# GIVEN RECORDS
---

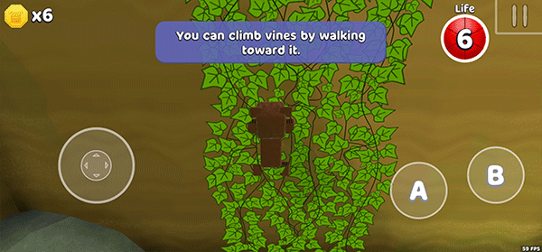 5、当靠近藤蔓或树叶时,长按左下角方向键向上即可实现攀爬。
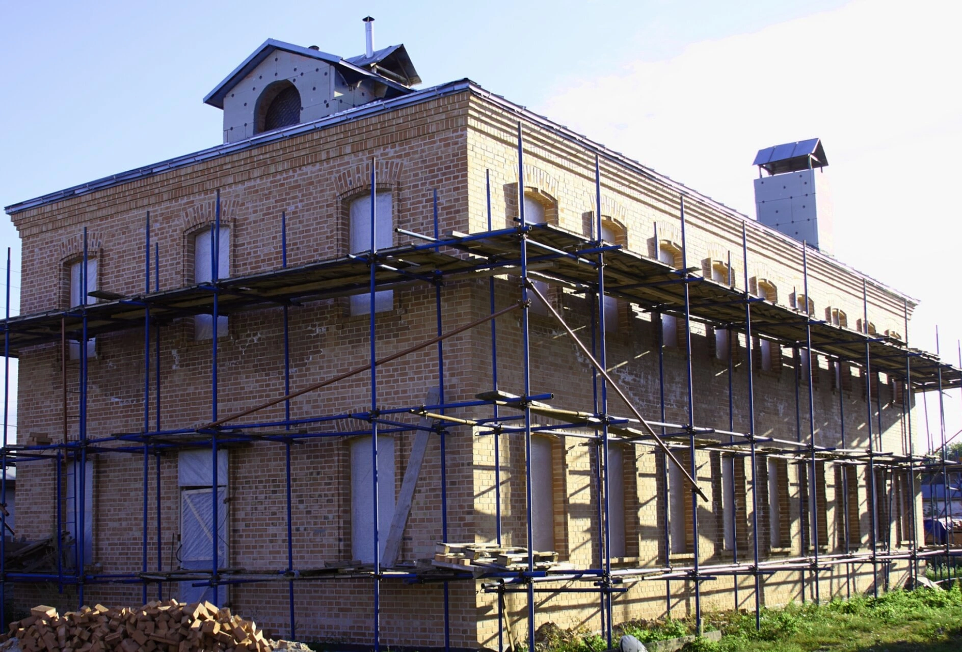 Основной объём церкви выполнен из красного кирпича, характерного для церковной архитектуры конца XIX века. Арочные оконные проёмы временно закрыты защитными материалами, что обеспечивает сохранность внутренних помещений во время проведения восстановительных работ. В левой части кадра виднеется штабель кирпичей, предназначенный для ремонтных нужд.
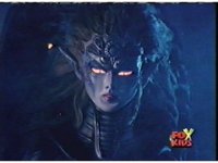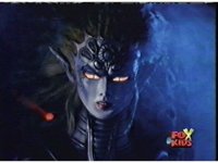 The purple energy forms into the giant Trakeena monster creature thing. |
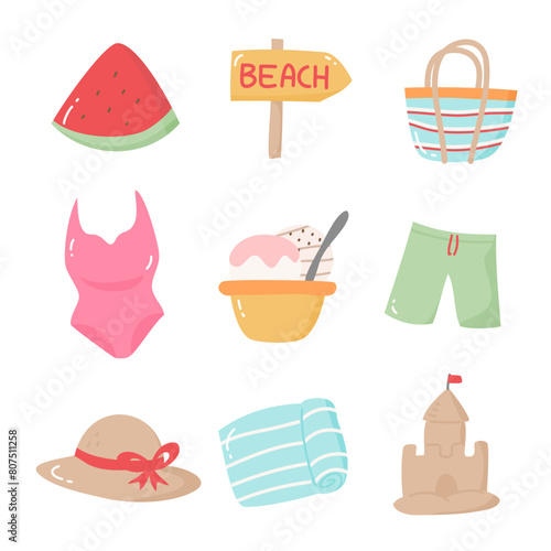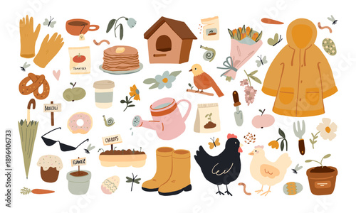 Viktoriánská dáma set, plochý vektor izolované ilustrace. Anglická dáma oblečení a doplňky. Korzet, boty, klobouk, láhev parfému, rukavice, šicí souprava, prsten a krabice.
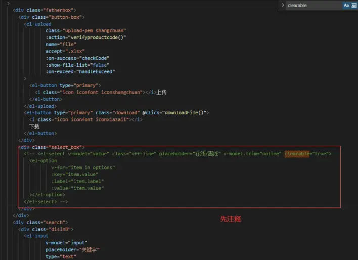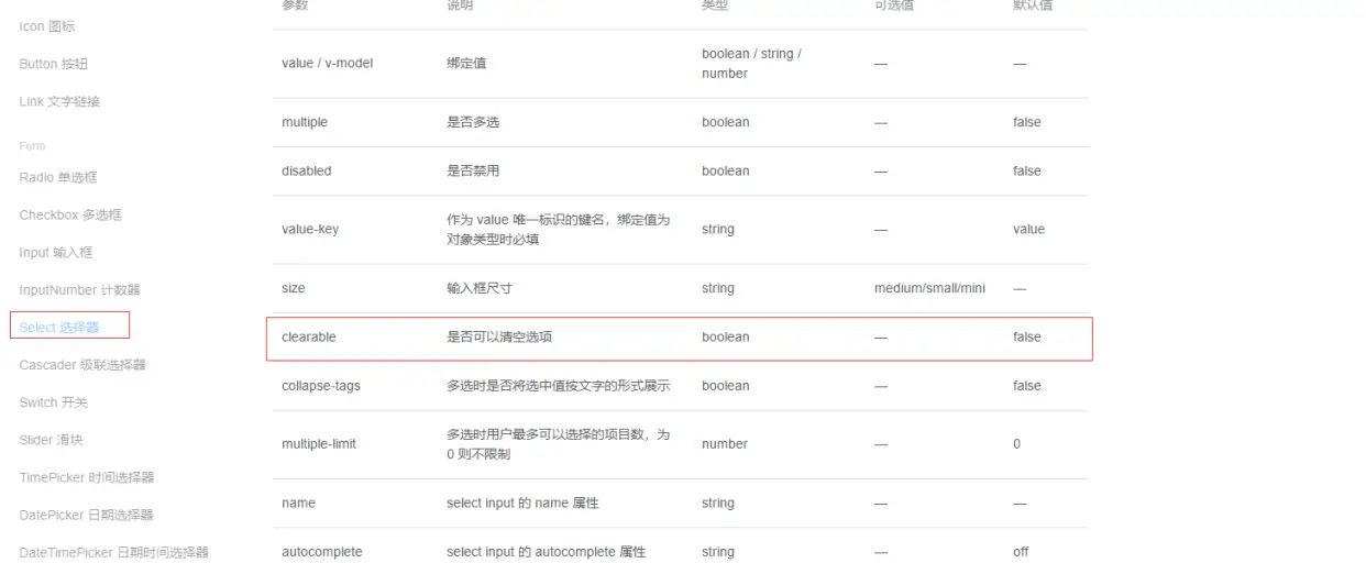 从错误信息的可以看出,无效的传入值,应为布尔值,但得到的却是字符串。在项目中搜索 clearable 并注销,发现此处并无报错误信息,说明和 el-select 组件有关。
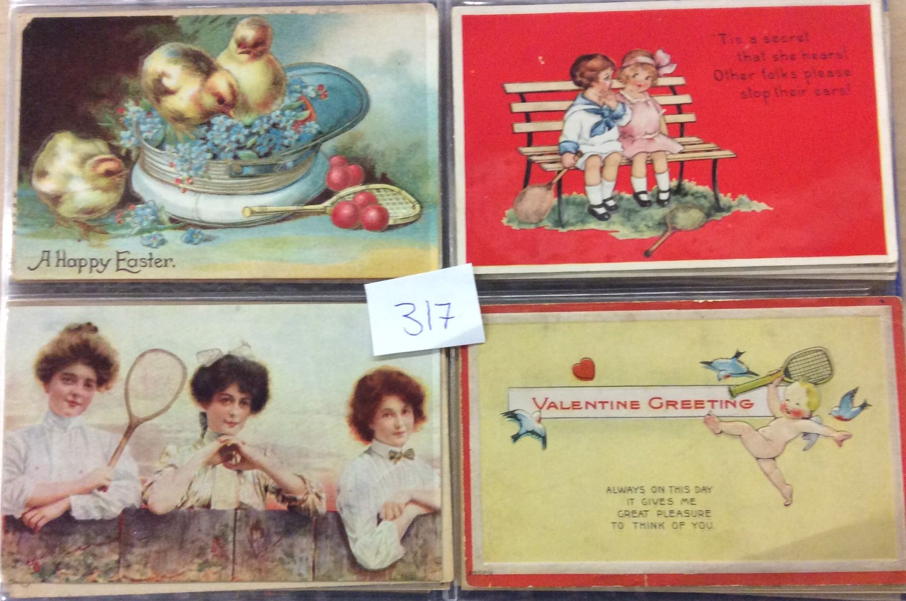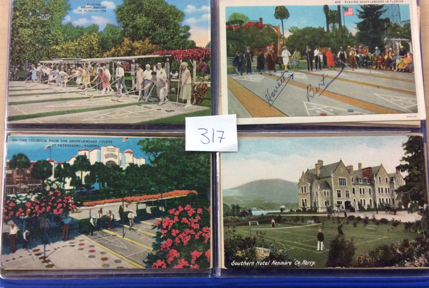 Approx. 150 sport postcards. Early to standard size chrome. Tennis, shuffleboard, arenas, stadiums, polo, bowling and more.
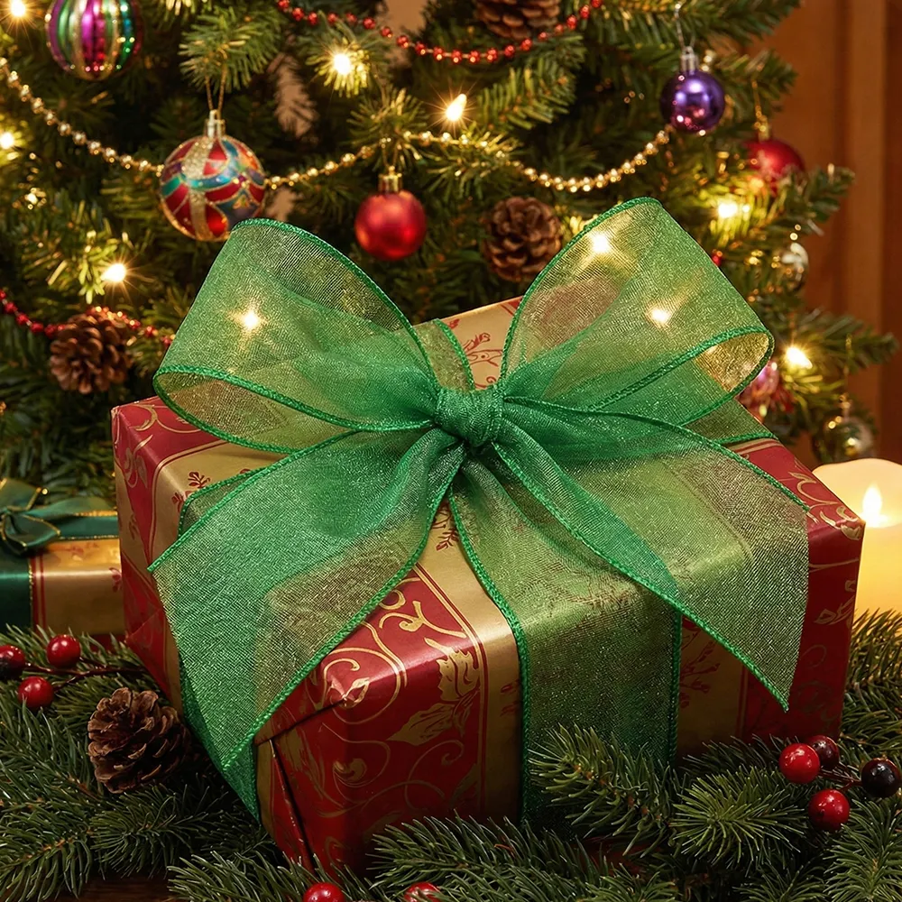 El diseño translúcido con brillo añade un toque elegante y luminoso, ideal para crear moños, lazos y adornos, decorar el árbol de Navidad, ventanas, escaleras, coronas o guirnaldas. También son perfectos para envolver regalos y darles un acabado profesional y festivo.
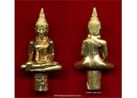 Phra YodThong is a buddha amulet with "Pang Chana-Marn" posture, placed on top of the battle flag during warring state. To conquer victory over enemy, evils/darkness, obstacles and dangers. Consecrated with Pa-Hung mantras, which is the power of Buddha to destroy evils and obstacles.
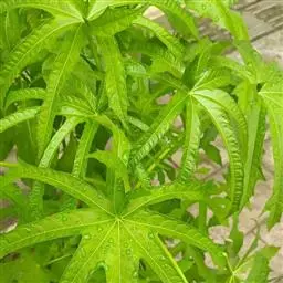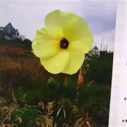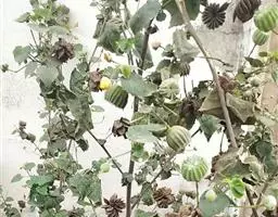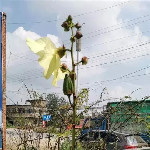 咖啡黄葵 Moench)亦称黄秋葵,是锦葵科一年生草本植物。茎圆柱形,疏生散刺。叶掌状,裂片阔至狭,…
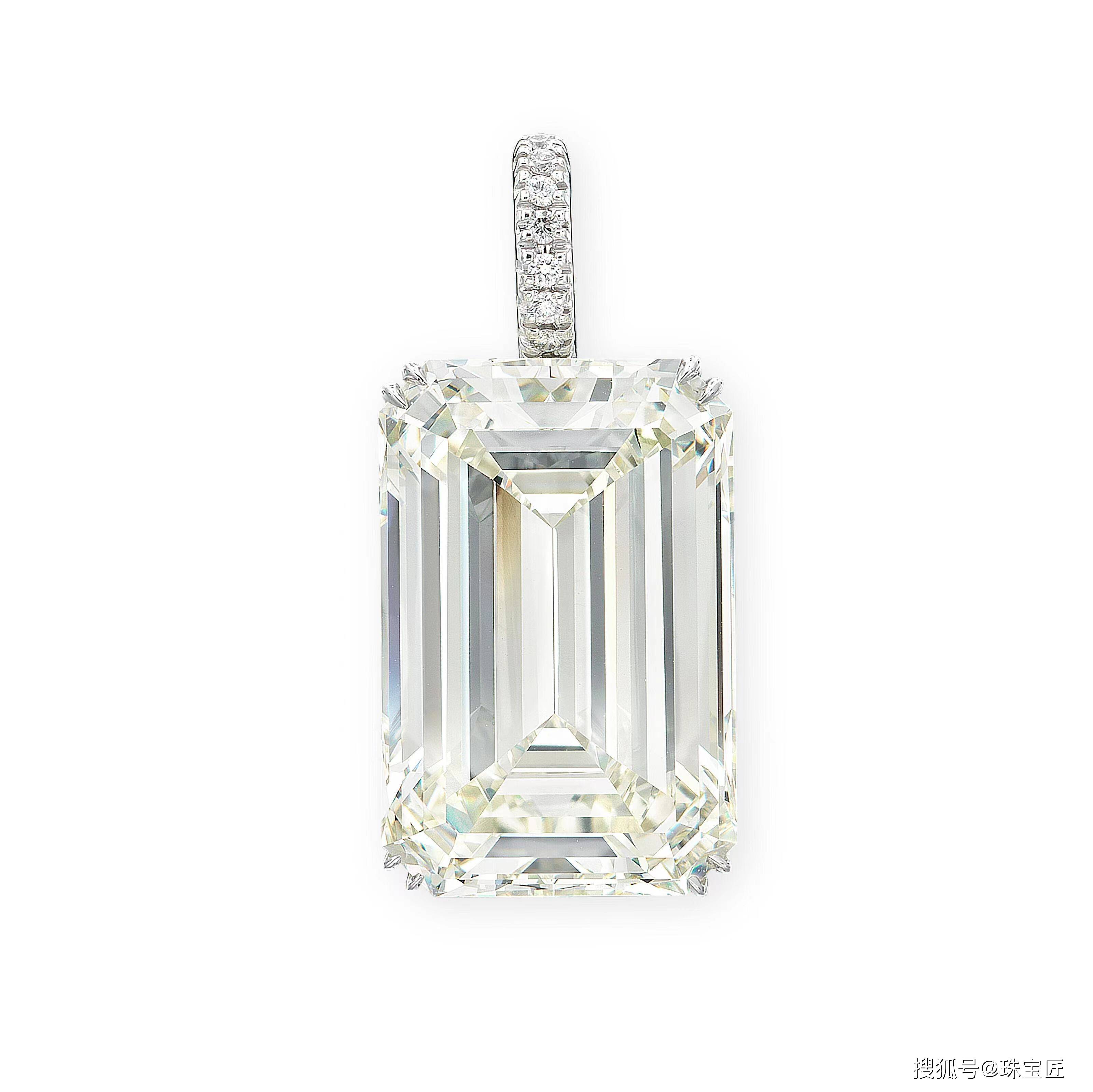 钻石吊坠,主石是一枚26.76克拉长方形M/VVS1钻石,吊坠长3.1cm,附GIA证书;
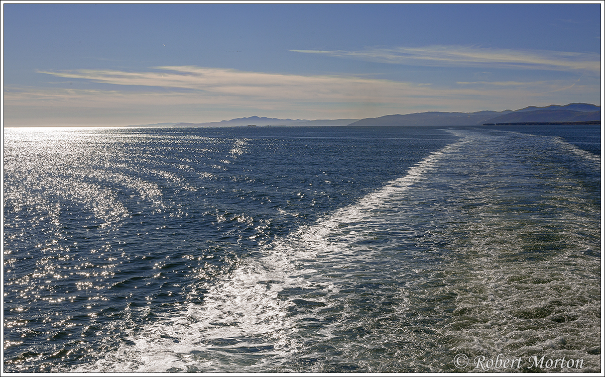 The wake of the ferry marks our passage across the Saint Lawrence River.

---

# PROBLEM STATEMENT
Take the material above from its first line through the line holding "El diseño translúcido" and set it down exactly, without the pictures.

# PROBLEM SOLUTION
 5、当靠近藤蔓或树叶时,长按左下角方向键向上即可实现攀爬。
 Основной объём церкви выполнен из красного кирпича, характерного для церковной архитектуры конца XIX века. Арочные оконные проёмы временно закрыты защитными материалами, что обеспечивает сохранность внутренних помещений во время проведения восстановительных работ. В левой части кадра виднеется штабель кирпичей, предназначенный для ремонтных нужд.
 The purple energy forms into the giant Trakeena monster creature thing. |
 Viktoriánská dáma set, plochý vektor izolované ilustrace. Anglická dáma oblečení a doplňky. Korzet, boty, klobouk, láhev parfému, rukavice, šicí souprava, prsten a krabice.
 从错误信息的可以看出,无效的传入值,应为布尔值,但得到的却是字符串。在项目中搜索 clearable 并注销,发现此处并无报错误信息,说明和 el-select 组件有关。
 Approx. 150 sport postcards. Early to standard size chrome. Tennis, shuffleboard, arenas, stadiums, polo, bowling and more.
 El diseño translúcido con brillo añade un toque elegante y luminoso, ideal para crear moños, lazos y adornos, decorar el árbol de Navidad, ventanas, escaleras, coronas o guirnaldas. También son perfectos para envolver regalos y darles un acabado profesional y festivo.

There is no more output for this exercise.